# Kombi Adjustable Hedge Trimmer



## dearber (Apr 27, 2017)

I am planning on getting the Kombi system with the adjustable hedge trimmer attachment.

One dealer only has the KM131 (not the KM130), but he does have the adjustable trimmer HL-KM 135 in stock.
The second dealer I went to, has both the KM131 but also the KM130 (and it is discounted because it is the older series), so I am thinking about getting the power head KM130 from there. But he currently does not have the adjustable trimmer currently in stock.
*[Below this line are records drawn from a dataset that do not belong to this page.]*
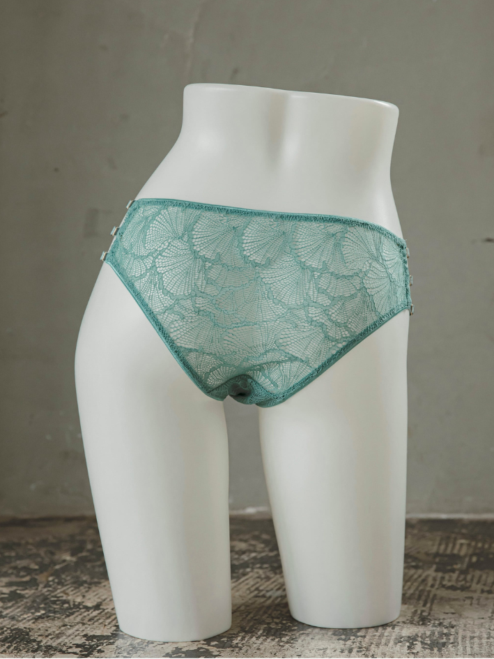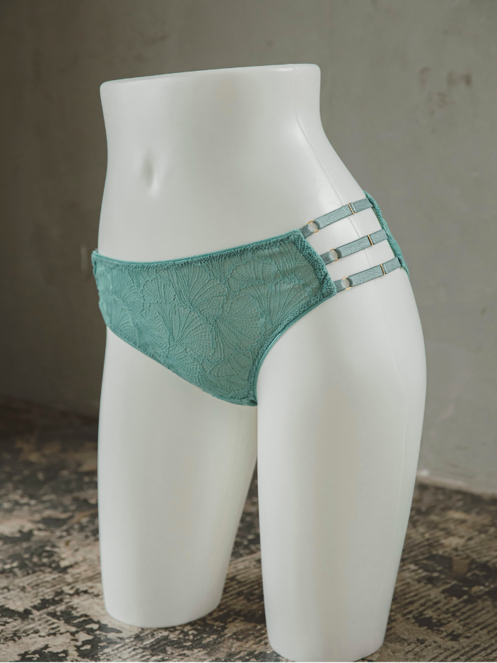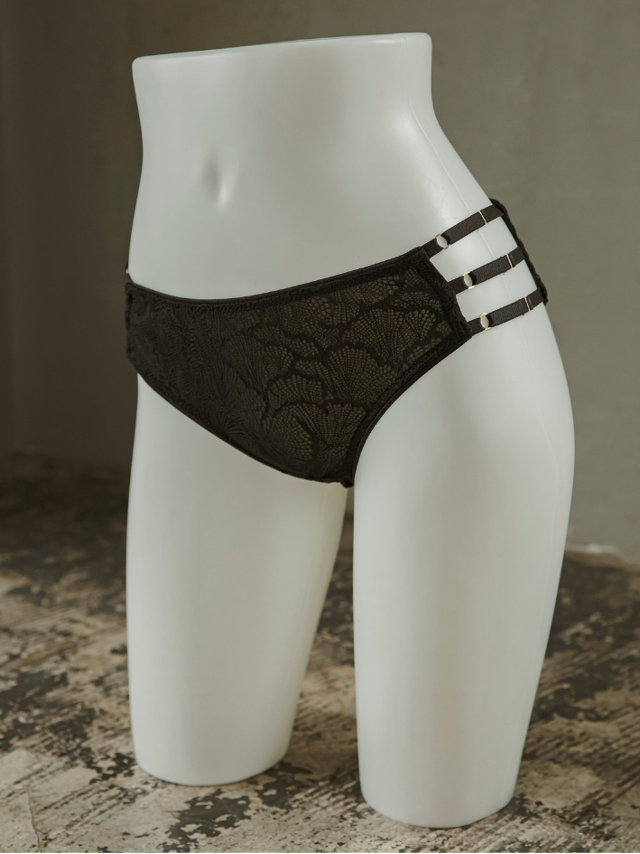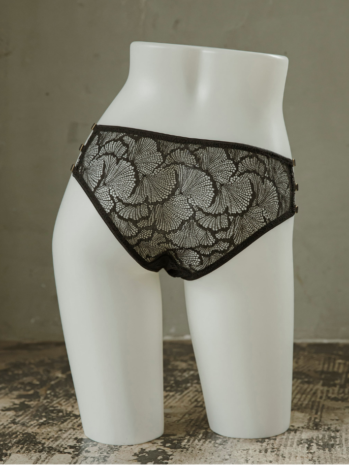 全蕾絲奢華製作,設計精美的低腰內褲,兩側一樣是Gemini Tale標誌性多織帶設計。
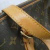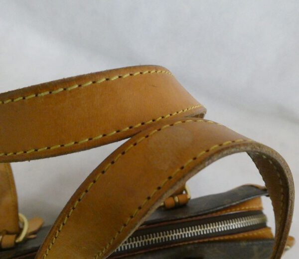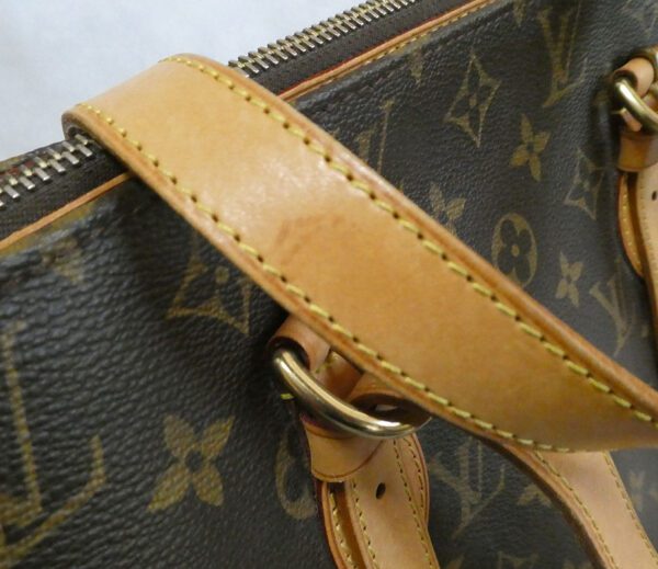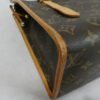 It is made from classic monogram coated canvas with leather trim and brass hardware
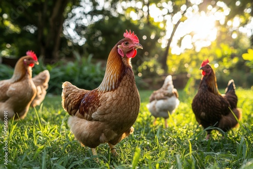 Fototapeta premium A small group of chickens is standing together in a grassy field
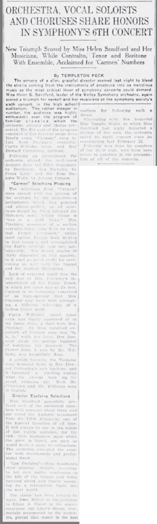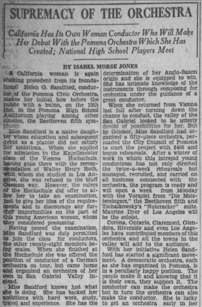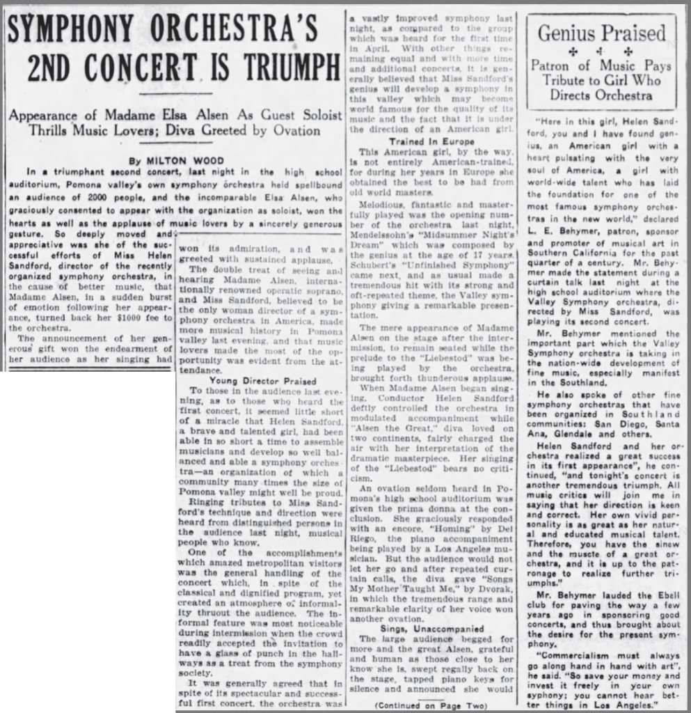 It is extraordinary that Helen turned down an offered conducting position with a German orchestra, opting instead to return home and start her own orchestra. But this is exactly what she did, the Valley Symphony Orchestra giving its first performance in April, 1929 in Pomona.
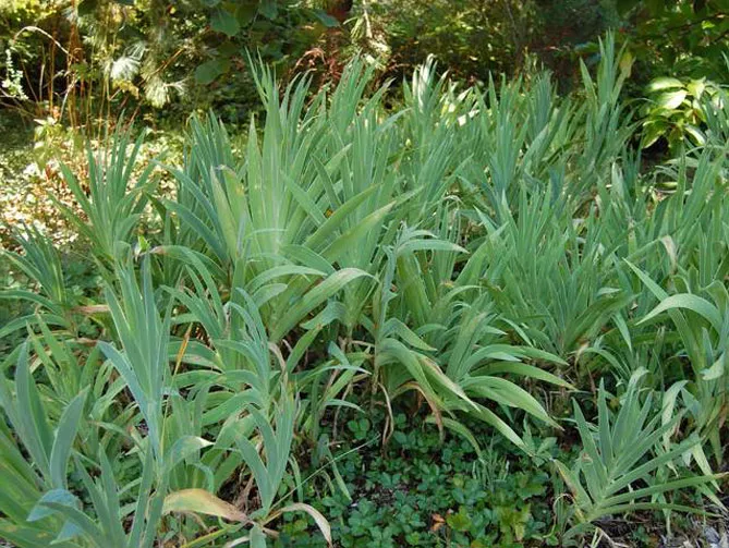 Потім поділіть за допомогою гострого інструменту, розрізавши кущик на 2-3 частини. Швидко пересадіть їх на нове місце, кореневище саджають майже заподлиць і іноді навіть трохи вище рівня землі. Полийте, щоб ґрунт осів і зволожував корені.
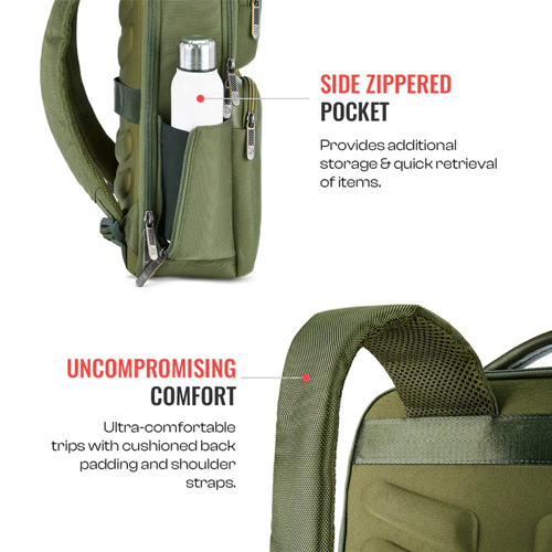 - Uncompromising Comfort with padded shoulder straps and ergonomic support
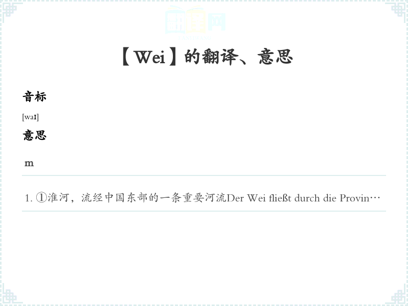 ①淮河,流经中国东部的一条重要河流Der Wei fließt durch die Provinz Jiangsu.淮河流经江苏省。

He said though, that what the first dealer likely has is an older model of the attachment, HL-KM 135, while the one they wait to get some stock for in a few weeks, will be a newer one HL-KM 145, which he said should be lighter.

Checking the Canadian Stihl web site, I only see the 135:
http://en.stihl.ca/STIHL-Products/KombiSystem/KombiTools/21173-1482/HL-KM-Hedge-Trimmer-135.aspx

But Googling, I stumbled upon this:

http://www.stihl.com/STIHL-power-to...iSystem/CombiTools/274706-1484/HL-KM-145.aspx

I am not sure for what region this second web page is, but it does mean that maybe the second dealer is not just making up things so I wait and purchase from him, but maybe they really are waiting for the newer model.

Has anyone actually had the 145 ? Is it better ?
If so, and if the second dealer indeed will get the 145, I may just wait a few weeks.

If the specs listed at the web sites above are correct, it looks like the 145 is lighter by 300 grams (0.67 pounds)


----------



## Babaganoosh (Apr 27, 2017)

100% get the adjustable. 

I run a km 130 and it's great. Is the 131 better?

The adjustable is worth the extra.


----------



## dearber (Apr 27, 2017)

Oh yeah, I am getting an adjustable hedge attachment, both the '135 and '145 are adjustable ones.
I was just wondering about the difference between the two, and if it is worth the wait for the second one.

From what I have read the KM 131 engine is more or less similar, different size air filter, body / design is different, more streamlined etc .., but engine should be same or very similar. Don't know too much myself though, so others can likely chime in more on that.

I am getting enough of a discount on the KM 130 that I decided to pick that one up.


----------



## CR888 (Apr 27, 2017)

The HL-km145 has an operational range of 145° and is 300grams lighter than the old km-135 which has a 135° working range. The gearbox is redesigned and upgraded. I'd be DEFINITELY waiting for the new lighter model. I have the km-135 which works well but is heavier than my Solo articulated trimmer. Get the new one, the old model is exactly that..... old!


----------